Karena mengadopsi ekonomi kapitalisme, negeri ini terjebak dalam jerat utang dan harus menjadi pasien IMF. Negeri ini harus tunduk pada formula strategi ekonomi yang disodorkan oleh IMF yang disebut Konsensus Washington, yaitu berupa kebijakan penyesuaian struktural (struktural adjustment policy/SAP). SAP meliputi liberalisasi impor dan pelaksanaan sumber-sumber keuangan secara bebas (liberalisasi keuangan), devaluasi mata uang, pelaksanaan kebijakan fiskal dan moneter dengan pembatasan kredit untuk rakyat, pengenaan tingkat suku bunga yang tinggi, penghapusan subsidi, peningkatan harga-harga public utilities (kebutuhan rakyat), peningkatan pajak, menekan tuntutan kenaikan upah, liberalisasi investasi terutama investasi asing dan privatisasi.

Akibat langsung yang dirasakan rakyat negeri ini adalah penghapusan subsidi. Kebutuhan rakyat pun menjadi mahal tak terjangkau. Demi memenuhi amanat liberalisasi investasi, kekayaan alam (minyak dan barang tambang) diserahkan kepada pihak asing. Sesuai mandat privatisasi, BUMN-BUMN pun beralih ke tangan swasta, khususnya asing. Tahun 2007 sebanyak 15 BUMN telah diprivatisasi. Tahun 2008 ini direncanakan sebanyak 44 BUMN akan diprivatisasi. Bahkan Wapres Yusuf Kalla pernah menyampaikan bahwa hingga tahun 2009 jumlah BUMN yang akan diprivatisasi mencapai 69 BUMN. Pemerintah menargetkan pada tahun 2015 hanya memiliki 25 BUMN.

Privatisasi BUMN itu merupakan agenda pihak asing. Mereka langsung mengawalnya sejak awal. World Bank, IMF, ADB dan USAID membuatkan serangkaian alasan dan petunjuk yang dipakai Pemerintah untuk melaksanakan privatisasi. Hal itu tertuang dalam dokumen legal Guidelines for Privatization Programs. Dalam rilis berita ADB, Project Information: State-Owned Enterprise Governance and Privatization Program, dinyatakan bahwa Indonesia diberi utang US $ 400 juta dengan syarat harus menjalankan program privatisasi. AS melalui USAID, bekerjasama dengan World Bank, juga mengawal privatisasi di Indonesia seperti yang tertuang dalam dokumen USAID Strategic Plan for Indenesia 2004-2008.

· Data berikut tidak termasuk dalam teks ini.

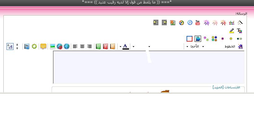 هذا الحل من الاخ ابو راشد في نفس موضوع الهاككود:<if condition="$show['editor_toolbar']"> <!-- هاك عام ـ توسيط أزرار محرر الرد السريع --> <!-- لحذف الهاك نحذف السطر التالي --> <center> <div id="{$editorid}_controls" class="controlbar"> <!-- هاك عام ـ توسيط أزرار محرر الرد السريع --> <!-- تم حذف width="100%" من الجدول التالي ويتم إعادتها لحذف الهاك --> <table cellpadding="0" cellspacing="0" border="0"> <tr> <td><div class="imagebutton" id="{$editorid}_cmd_removeformat"><img src="$stylevar[imgdir_editor]/removeformat.gif" width="21" height="20" alt="$vbphrase[remove_text_formatting]" /></div></td> <if condition="$show['basic_bbcode']"> <td><img src="$stylevar[imgdir_editor]/separator.gif" width="6" height="20" alt="" /></td> <td><div class="imagebutton" id="{$editorid}_cmd_bold"><img src="$stylevar[imgdir_editor]/bold.gif" width="21" height="20" alt="$vbphrase[bold]" /></div></td> <td><div class="imagebutton" id="{$editorid}_cmd_italic"><img src="$stylevar[imgdir_editor]/italic.gif" width="21" height="20" alt="$vbphrase[italic]" /></div></td> <td><div class="imagebutton" id="{$editorid}_cmd_underline"><img src="$stylevar[imgdir_editor]/underline.gif" width="21" height="20" alt="$vbphrase[underline]" /></div></td> </if> <if condition="$show['color_bbcode']"> <td><img src="$stylevar[imgdir_editor]/separator.gif" width="6" height="20" alt="" /></td> <td><div class="imagebutton" id="{$editorid}_popup_forecolor" title="$vbphrase[colors]"> <table cellpadding="0" cellspacing="0" border="0"> <tr> <td id="{$editorid}_color_out"><img src="$stylevar[imgdir_editor]/color.gif" width="21" height="16" alt="" /><br /><img src="$vboptions[cleargifurl]" id="{$editorid}_color_bar" alt="" style="background-color:black" width="21" height="4" /></td> <td class="alt_pickbutton"><img src="$stylevar[imgdir_editor]/menupop.gif" alt="" width="11" height="16" /></td> </tr> </table> </div></td> </if> <if condition="$show['url_bbcode'] OR $show['img_bbcode']"> <td><img src="$stylevar[imgdir_editor]/separator.gif" width="6" height="20" alt="" /></td> </if> <if condition="$show['url_bbcode']"> <td><div class="imagebutton" id="{$editorid}_cmd_createlink"><img src="$stylevar[imgdir_editor]/createlink.gif" width="21" height="20" alt="$vbphrase[insert_link]" /></div></td> </if> <if condition="$show['img_bbcode']"> <td><div class="imagebutton" id="{$editorid}_cmd_insertimage"><img src="$stylevar[imgdir_editor]/insertimage.gif" width="21" height="20" alt="$vbphrase[insert_image]" /></div></td> </if> <if condition="$show['quote_bbcode']"> <td><img src="$stylevar[imgdir_editor]/separator.gif" width="6" height="20" alt="" /></td> <td><div class="imagebutton" id="{$editorid}_cmd_wrap0_quote"><img src="$stylevar[imgdir_editor]/quote.gif" width="21" height="20" alt="$vbphrase[wrap_quote_tags]" /></div></td> </if> <!-- هاك عام توسيط أزرار محرر الرد السريع --> <!-- تم حذف السطر التالي ويعاد لحذف الهاك --> <!-- <td width="100%"> </td> --> <if condition="is_browser('ie')"> <td><div class="imagebutton" id="{$editorid}_cmd_spelling"><img src="$stylevar[imgdir_editor]/spelling.gif" width="21" height="20" alt="$vbphrase[check_spelling]" /></div></td> </if> <td> <div class="imagebutton" id="{$editorid}_cmd_resize_0_99"><img src="$stylevar[imgdir_editor]/resize_0.gif" width="21" height="9" alt="$vbphrase[decrease_size]" /></div> <div class="imagebutton" id="{$editorid}_cmd_resize_1_99"><img src="$stylevar[imgdir_editor]/resize_1.gif" width="21" height="9" alt="$vbphrase[increase_size]" /></div> </td> <if condition="$show['wysiwyg_compatible']"> <td><div class="imagebutton" id="{$editorid}_cmd_switchmode"><img src="$stylevar[imgdir_editor]/switchmode.gif" width="21" height="20" alt="$vbphrase[switch_editor_mode]" /></div></td> </if> </tr> </table> </div> <!-- هاك عام ـ توسيط أزرار محرر الرد السريع --> <!-- لحذف الهاك نحذف السطر التالي --> </center> </if> <div class="controlbar" style="padding-$stylevar:8px"> <fieldset style="border:0px; padding:0px; margin:0px"> <if condition="$show['qr_require_click']"> <textarea name="message" id="{$editorid}_textarea" rows="10" cols="60" style="width:100%; height:{$editor_height}px" tabindex="1" dir="$stylevar[textdirection]" disabled="disabled">$vbphrase[click_quick_reply_icon]</textarea> <else /> <textarea name="message" id="{$editorid}_textarea" rows="10" cols="60" style="width:100%; height:{$editor_height}px" tabindex="1" dir="$stylevar[textdirection]"></textarea> </if> </fieldset> <!--width:$stylevar[messagewidth]--> </div> <input type="hidden" name="wysiwyg" id="{$editorid}_mode" value="$editortype" /> <input type="hidden" name="styleid" value="$session[styleid]" /> <script type="text/javascript"> <!-- vB_Editor['$editorid'] = new vB_Text_Editor('$editorid', $editortype, '$forumid', '$parsesmilie'); var QR_EditorID = '$editorid'; //--> </script>

Tampak jelas, kebijakan ekonomi negeri ini dikendalikan oleh asing/penjajah. Padahal BUMN, jika dikelola dengan baik, bisa menjadi sumber pemasukan sangat besar bagi negara untuk menjalankan pembangunan, memberikan pelayanan terbaik kepada rakyat dan mensejahterakan seluruh rakyatnya. Namun, karena privatisasi, negara kehilangan sumber pemasukan. Beban pembiayaan negara pun dibebankan kepada rakyat. Misalnya melalui pajak dan pungutan lain yang beragam dan bertambah besar. Beban yang harus ditanggung oleh rakyat pun kian hari kian berat.

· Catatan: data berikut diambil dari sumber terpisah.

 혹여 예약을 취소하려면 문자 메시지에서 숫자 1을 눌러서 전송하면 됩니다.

Setelah 63 merdeka, perekonomian negeri ini justru makin dicengkeram asing, dan rakyatlah yang harus menanggung bebannya. Akibat kemiskinan, lebih dari 4 juta anak mengalami kekurangan gizi. Mereka dipaksa menjadi bagian dari lost generation. Tingkat stres masyarakat pun sedemikian besar. Kriminalitas meningkat tajam hingga 400%. Angka kekerasan dalam rumah tangga dan konflik rumah tangga yang berujung pada perceraian pun melonjak. Banyak perempuan akhirnya terjerumus dalam lembah pelacuran. Tentu masih banyak dampak buruk lainnya akibat penjajahan non-fisik yang masih mencengkeram negeri ini.

Semua itu masih diperparah oleh kualitas aparatur, pejabat dan politisi yang buruk. Sudah menjadi rahasia umum bahwa pelayanan kepada publik oleh aparatur sedemikian buruk. Korupsi sedemikian mengakar; dari Sabang sampai Merauke; dari tingkat RT hingga pejabat tinggi negara, termasuk anggota DPR dari daerah hingga pusat.

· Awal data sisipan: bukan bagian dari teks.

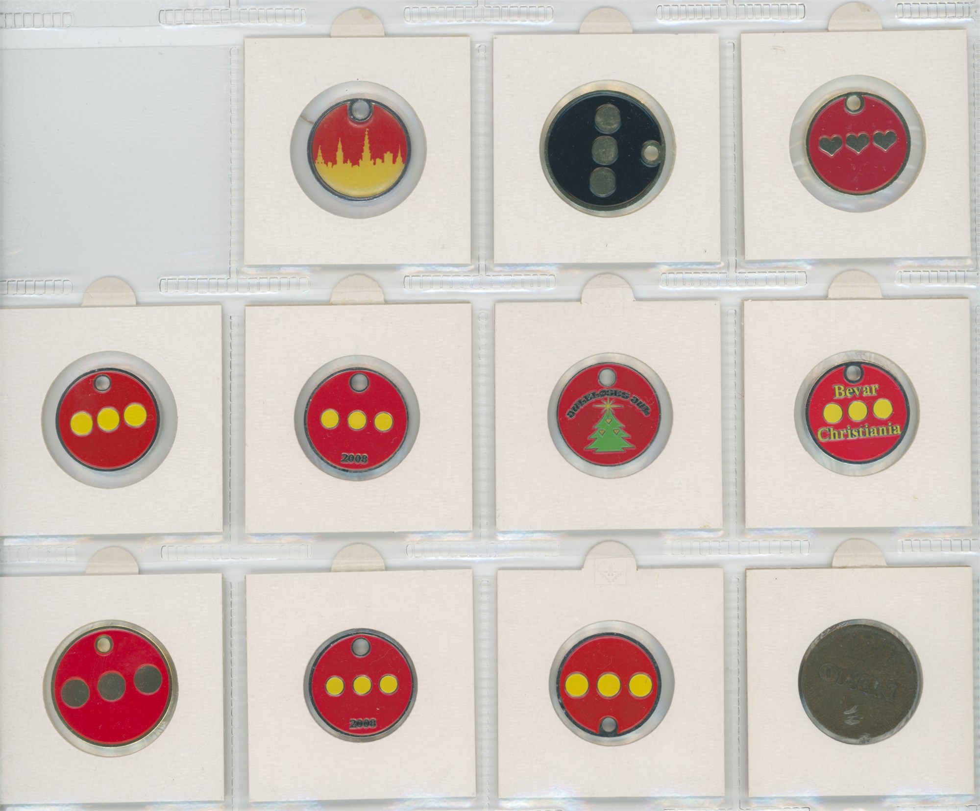 Samling vognpoletter, 10 stk. forskellige, samt token fra Nemoland. (11)

Mewujudkan Makna dan Tujuan Kemerdekaan Hakiki

Kemerdekaan hakiki adalah terbebasnya manusia dari penghambaan kepada sesama manusia menuju penghambaan pada Tuhannya manusia (Allah SWT). Hal ini tidak bisa diwujudkan selama sistem/aturan yang digunakan adalah sistem/aturan buatan manusia, terutama yang bersumber dari ideologi Kapitalisme. Semua itu hanya bisa diwujudkan dengan penerapan sistem yang berasal dari Allah Yang Mahaadil, Pencipta manusia, alam dan seisinya sebagai wujud penghambaan kepada-Nya. Sistem itu tiada lain adalah sistem Islam.

Jenderal Rustum pernah bertanya kepada Ruba’i bin Amir, ”Apa yang mendorong kalian ke sini?”

Ruba’i bin Amir menjawab, ”Allah memerintahkan kami untuk membebaskan manusia dari penghambaan kepada sesama manusia ke penghambaan semata kepada Allah, Tuhan manusia; dari kesempitan dunia ke keluasannya; dan dari kezaliman agama-agama ke keadilan Islam.”

Inilah misi Islam mewujudkan kemerdekaan hakiki.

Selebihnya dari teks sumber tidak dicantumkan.